People invest their money in the best investment options so that they derive benefit from the interest generated in the long- or short-term. This is easier said than done, as there are endless options available to an investor that offer superior returns with low-risk exposure.
Investments are made with a view to achieving different goals. They are sometimes made with a view to saving for a rainy day or as a means to protect their assets from untoward incidents. The best investment plans always have protection and savings taken care of. But, most people tend to mix up the two, when they are very different from each other.
To shed some light on the matter and to clearly understand the two, we will first understand what they are, and then compare them to find out how they stack up in different investment criterion.
What is life insurance?
Life is a protection plan that offers risk cover in exchange for periodic payments known as ‘premium’. The risk coverage is provided in the form of an amount called ‘sum assured’. This amount is stated by the insured and is paid out either on death of the insured to the nominee or at the time of policy maturity.

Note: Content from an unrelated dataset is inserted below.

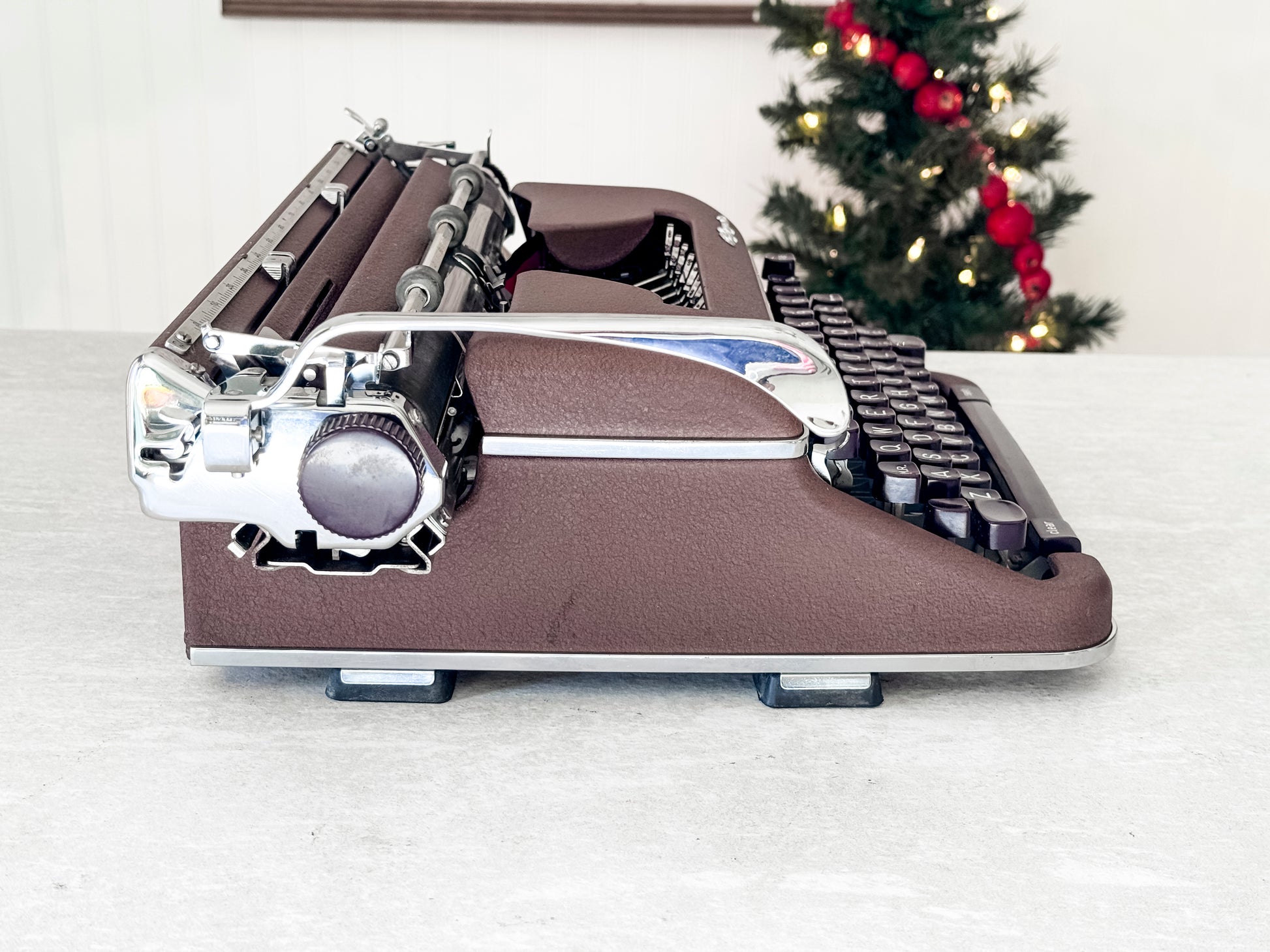 A handsome typewriter suitable for active use. The extended carriage gives you more paper size options. The carriage has a very smooth motion. Includes metal spools.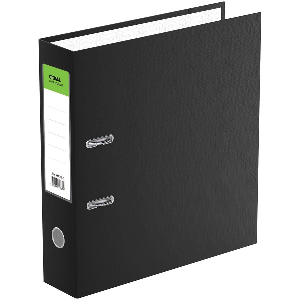 Папка-регистратор СТАММ "Стандарт", 70мм, бумвинил, с карманом на корешке, черная

Life insurance are among the best investments and can also be used for tax planning under Section 80C. And, they also fall in the EEE category if they meet certain conditions.
What is PPF?
PPF or Public Provident Fund is among the most popular long-term debt schemes run by the government. Under this scheme, a maximum of Rs.1.50 lakh or a minimum of Rs.500 can be deposited in a financial year. PPF, being an EEE scheme, ensures that the contribution, interest and maturity amounts are not liable to tax. It is also similar to life insurance in the tax aspect as the amount deposited here is deducted from taxable income under Section 80C as well.
How flexible are they?
When it comes to PPF, an individual can choose to invest a maximum of Rs.1.5 lakh in a financial year or a minimum of Rs.500. This need not be paid in a fixed way. The investment can be made as a lump sum or in 12 installments. The tenure for the PPF is of 15 years, but it can be extended till 25 years, making it the best investment plan with guaranteed returns.
In life insurance, the premium has to be paid to keep availing benefits from the service. The premium payment can be done monthly, quarterly, half yearly or annually. The amount to be paid as premium is influenced by the sum assured opted for by the individual. The amount and frequency of premium payment is fixed before the start of the policy and cannot be altered later on. There is no cap on the sum assured or the policy tenure for life insurance.
Are they legal?
PPF and life insurance, both these investment plans are legal in nature and are considered as safe money investment plans. As mentioned earlier, PPF is a scheme that is offered by the central government. Whereas, life insurance is offered by state-owned insurers such as Life Insurance Corporation (LIC) or private entities like Bajaj Allianz Life Insurance.
Expected Returns?
PPFs are known to give great returns on the amount invested, and are among the best saving plan. For the October-December quarter of 2017-18, the government fixed the interest rate at 7.8 percent per annum. The invested amount is compounded yearly, but can be changed by the government.
Life insurance plans come with a maturity benefit, which traditionally has been in the region of 4-6%. The interest rate varies from one insurer to another. As far as the death benefit is concerned, it is very hard to gauge the return on it as it depends on the amount of the premium paid and the duration of the policy.
So, which among these is the best investment plan? We can’t say for sure as it all depends on the need and the purpose of the individual investing the amount. Insurance plans are for protection, whereas PPFs are saving avenues reserved mostly for meeting expenses expected in the long term.